Com o preciosismo técnico costumeiro nas produções da Pixar, Toy Story 3 mais uma vez exibe o talento da equipe de John Lasseter para evocar sensações e atmosferas apenas através de seus aspectos visuais – e neste sentido, a creche é um exemplo soberbo de design de produção: vista inicialmente como uma espécie de paraíso dos rejeitados, ela surge com amplos e ensolarados espaços que, investindo em cores básicas e fortes, evocam a esperança dos brinquedos de voltarem à ativa – e é admirável que, com apenas algumas mudanças na fotografia e na inclinação dos quadros aquele mesmo ambiente assuma tons ameaçadores e hostis. (É claro que a trilha de Randy Newman colabora para estabelecer estes climas dissonantes.) Da mesma forma, o aspecto encardido dos brinquedos que lá se encontram, somado aos defeitos que servem não só para torná-los mais verossímeis, mas também para ilustrar seus temperamentos (reparem o olho caído do “bebê”), comprovam a inteligência dos realizadores na concepção dos personagens.

Investindo numa narrativa que combina com perfeição os instantes de maior emoção com outros incrivelmente divertidos (incluindo referências a obras como Rebeldia Indomável e ao curta Tin Toy, primeiro projeto da Pixar), Toy Story 3 consegue até mesmo a proeza de fazer funcionar uma daquelas velhas montagens em que vemos um personagem experimentando várias roupas, sendo bem sucedido também ao trazer Buzz mais uma vez acreditando ser um patrulheiro espacial sem que isso soe apenas como uma idéia reciclada dos capítulos anteriores. Além disso, o roteiro bem amarrado explora com talento as diferentes características dos personagens ao longo do terceiro ato, quando cada um desempenha uma função adequada aos seus “talentos” particulares (esperem até ver a figura grotesca – e hilária – na qual se converte o Sr. Cabeça-de-Batata).

Com um clímax de tirar o fôlego e durante o qual as coisas parecem se tornar exponencialmente mais desesperadoras, Toy Story 3 é capaz de, num instante, levar o espectador a apertar os braços da poltrona em função da tensão, a rir no momento seguinte e a derramar abundantes lágrimas logo em seguida, apresentando-se como uma montanha-russa emocional de fazer inveja a muitos projetos voltados ao público adulto – e o estoicismo daqueles pequenos brinquedos diante de uma ameaça que julgam intransponível é uma imagem que, confesso, não esquecerei tão cedo.

No final das contas, porém, Toy Story 3 quer mesmo é divertir, usando todas as armas à sua disposição para isso, da “vaidade” do boneco Ken à covardia do dinossauro Rex, passando pelos ímpetos de heroísmo de Buzz, pelo gênio estourado de Jessie, pelo cinismo do Porquinho e pelo mau humor crônico do Sr.

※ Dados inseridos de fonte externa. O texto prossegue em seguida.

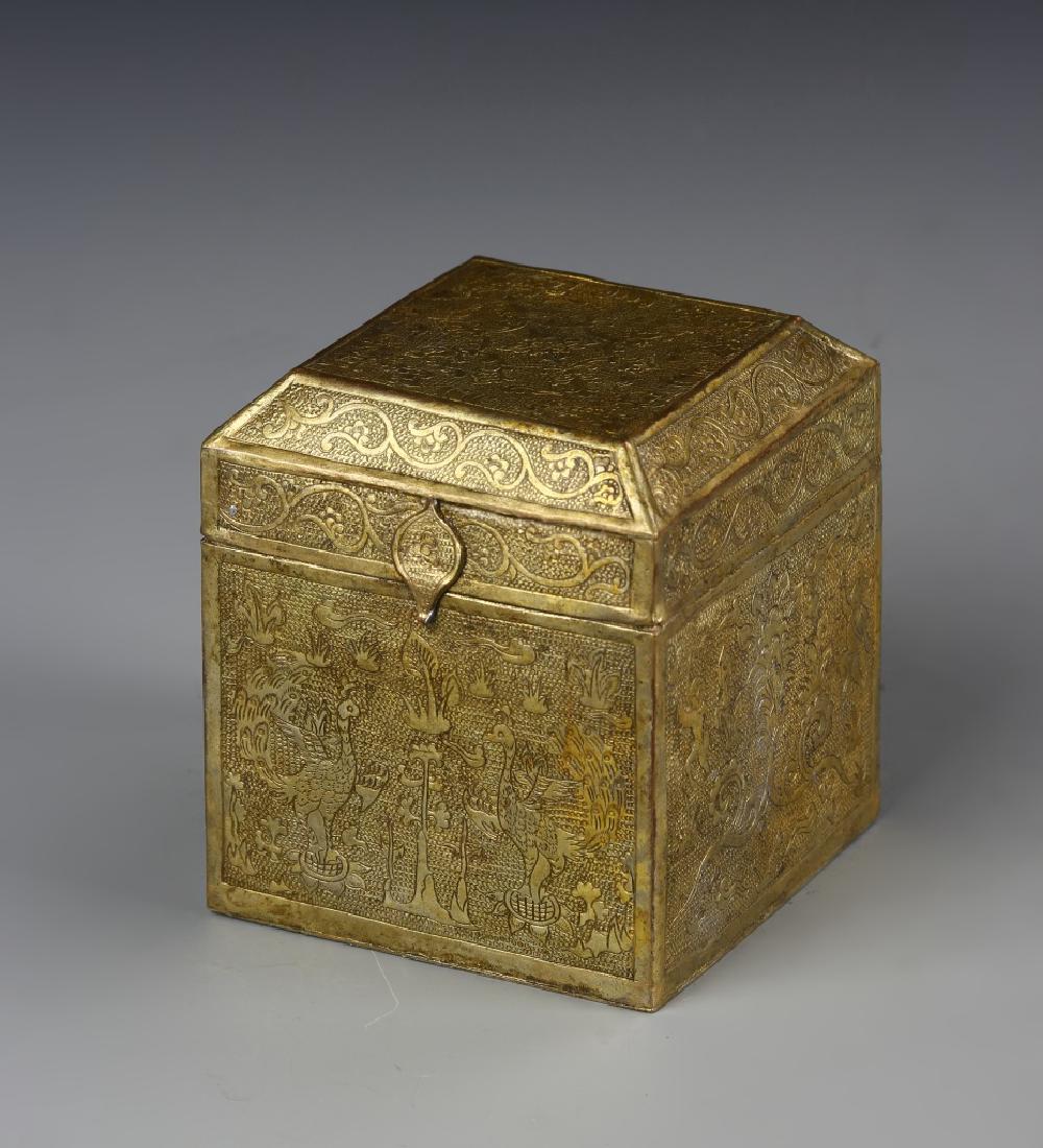 SoldA Chinese Gilt Bronze Box with LidA Chinese Gilt Bronze Box with Lid, Ht. 10cm, Wd. 16.5cm,See Sold Price
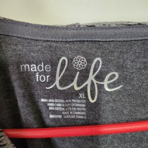 Made for Life hoodie NWT, womens XL pullover sweater, gray hooded top, lightweight knit, contrast trim hoodie, comfy active top, athleisure sweater
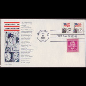 | 说明:贴1981年国旗和最高法院20c。销WASHINGTON首日戳。 |
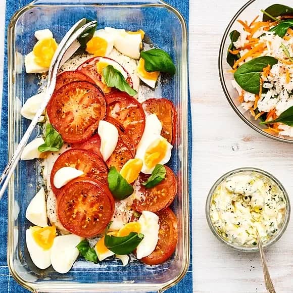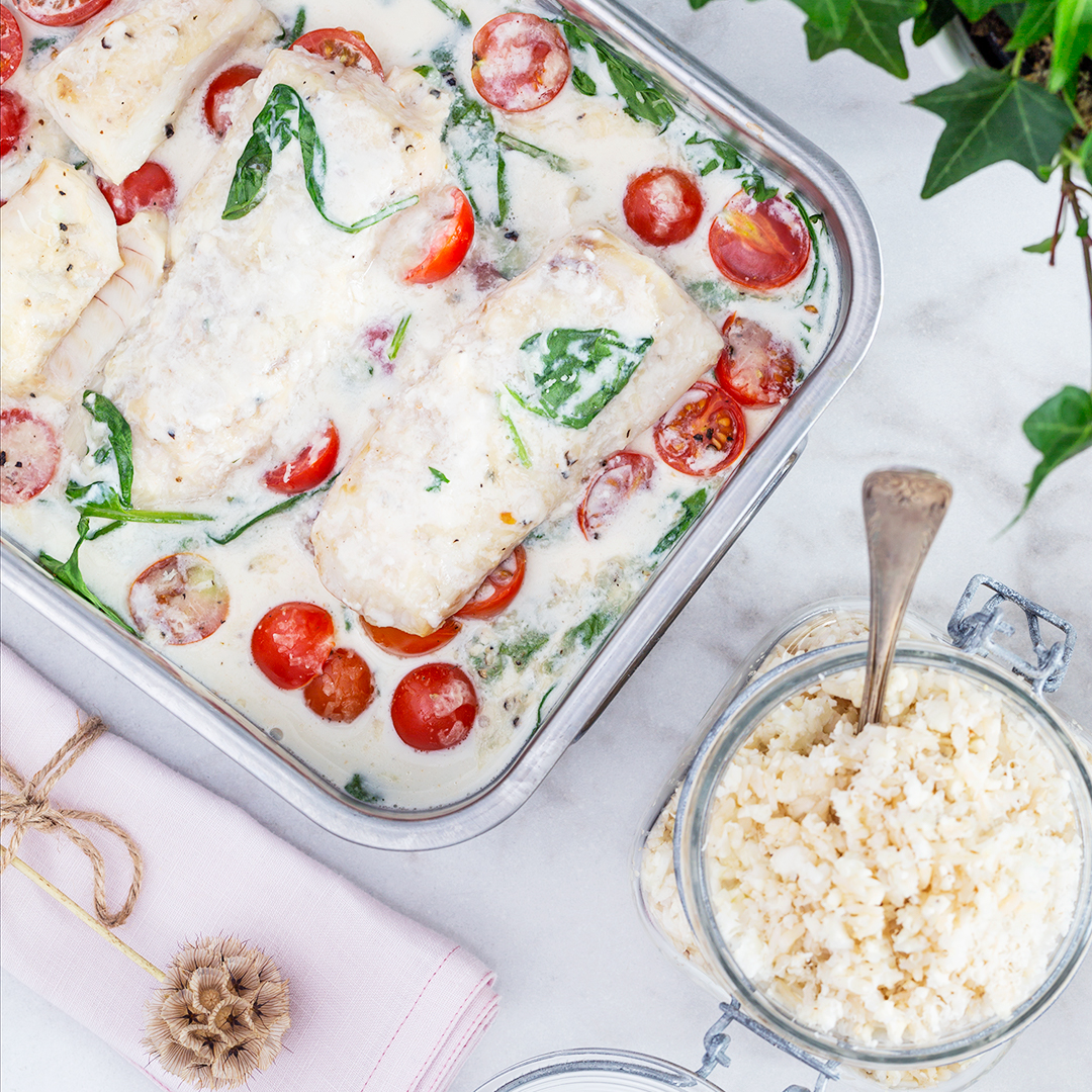 Tomatbakad torsk med spenatris, basilikasås och hackat ägg
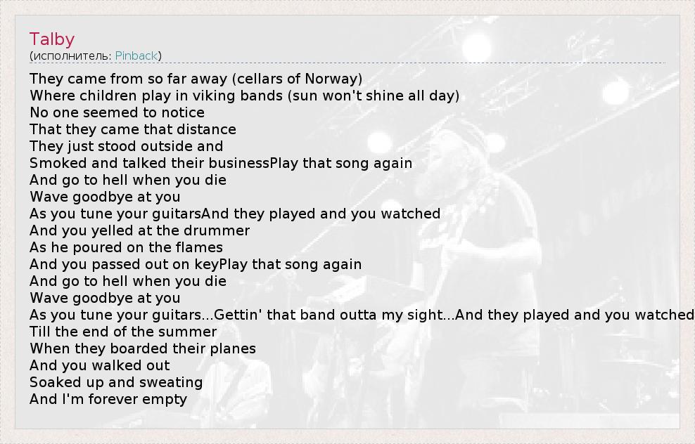 They came from so far away (cellars of Norway) Where children play in viking bands (sun won't shine all day) No one seemed to notice That they came that distance They just stood outside and Smoked and talked their businessPlay that song again And go to hell when you die Wave goodbye at you As you tune your guitarsAnd they played and you watched And you yelled at the drummer As he poured on the flames And you passed out on keyPlay that song again And go to hell when you die Wave goodbye at you As you tune your guitars...Gettin' that band outta my sight...And they played and you watched Till the end of the summer When they boarded their planes And you walked out Soaked up and sweating And I'm forever empty

Cabeça-de-Batata. E no meio de tudo isso, o estabanado Woody e seu imenso coração.

Coração este que, à sua própria maneira, confere alma a mais esta belíssima obra da cada vez mais impressionante Pixar.

Observação: Durante as cenas que surgem durante os créditos finais, há uma bela homenagem ao mestre Hayao Miyazaki através da “ponta” de seu icônico personagem Totoro.

Observação 2: O tradicional curta-metragem que antecede o filme é o primeiro projeto cinematográfico que não consigo sequer imaginar em 2D. Intitulado “Dia & Noite”, ele simplesmente não funcionaria da mesma forma sem a dimensão adicional.